Like many SEOs, I was hired with one vague responsibility: to set up an SEO program and achieve results. Like many SEOs, we jumped right in and started spewing out SEO audits, rewriting title tags, offering up link suggestions, rewriting URLs and so on. And like many SEOs we promised results. But what we didn’t do, until that fateful launch, was develop a comprehensive strategy. Sure, we did keyword research, we recommended partnerships and widgets and architecture advice, but we didn’t step back and take a good look at our target audiences, what sites were meeting their specific needs in search results, and what we specifically could build into the product that would be far more desirable than what everyone else had (not even thought of yet ideally) to make sure our entire site is superior, resulting in the inevitable stealing of search traffic from our competitors.
Instead, in this instance, we started at wireframe stage, plopping in keywords and meta tags. Of course, the site really needed those things, and although it launched technically “optimized”, it wasn’t enough to provide a better product than our top competitor(s). A product that people want to visit, revisit, email to friends, share on social networks, and link to more than our competitors. It wasn’t even enough to move up in the rankings.
From that point on, if a property didn’t consult our team during the early concepting stages of a project, we shied away from working on that project at all. And let me tell you, things got a lot better.
Doing SEO strategy right takes targeted competitive insight and very specific recommendations, beyond any SEO basics rulebook. And ideally a good relationship with the product (site) manager.
Over the next few posts, and starting with this one, I’m going to share with you a detailed 8-step process for creating your own SEO strategy (what I often refer to as an SRD (SEO Research Document)), beginning with defining target audiences and taking it all the way through some fairly comprehensive competitive research, search traffic projections, content strategies, and specific goals and prioritizations. The steps behind this are something you can templatize and use for every project, and your boss/clients will love it, I promise.
I’ll be writing this as I go, so I’d be interested in hearing how you do strategy now, and if there are any types of things you’d like to see covered in the posts.
Strategy is the type of thing that moves you up to the next level of SEO superstar. Ready?
STEP 1: DEFINE YOUR TARGET AUDIENCE AND THEIR INTERESTS
The first step in most marketing campaigns, Search Marketing included, is to start by defining your target audience. Your target audience is a defined set of people who you are marketing your product to.
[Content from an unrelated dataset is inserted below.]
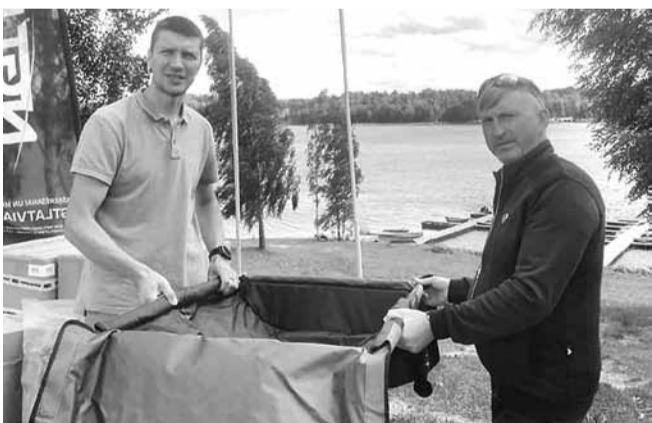
Šādas karpu gultas noderēs makšķerniekiem, kas karpas neuztver kā pārtikas produktu un noķertās zivis atlaiž. Baļotes ezerā tādu copmaņu kļūst arvien vairāk.

Baļotes ezers saņēmis dāvinājumu no karpu makšķerēšanas komandas «Fisher team» – desmit karpu gultas, kas domātas noķertās un atlaist paredzētās zivis saudzīgai novietošanai un atbrīvošanai no āķa.

Traditionally, defining a target audience involves determining their age, sex, geographic locations, and especially their needs (aka pain points). Check out usability.gov’s description of personas and how to do task analysis & scenariosfor more details, or better yet, read Vanessa Fox’s upcoming book about personas related to search and conversion.
What we want to zero in on for our SEO Strategy are those pain points. What do they want? What are their needs that aren’t being met? Knowing these things will help us better define a content strategy and prioritize content to bring to the forefront.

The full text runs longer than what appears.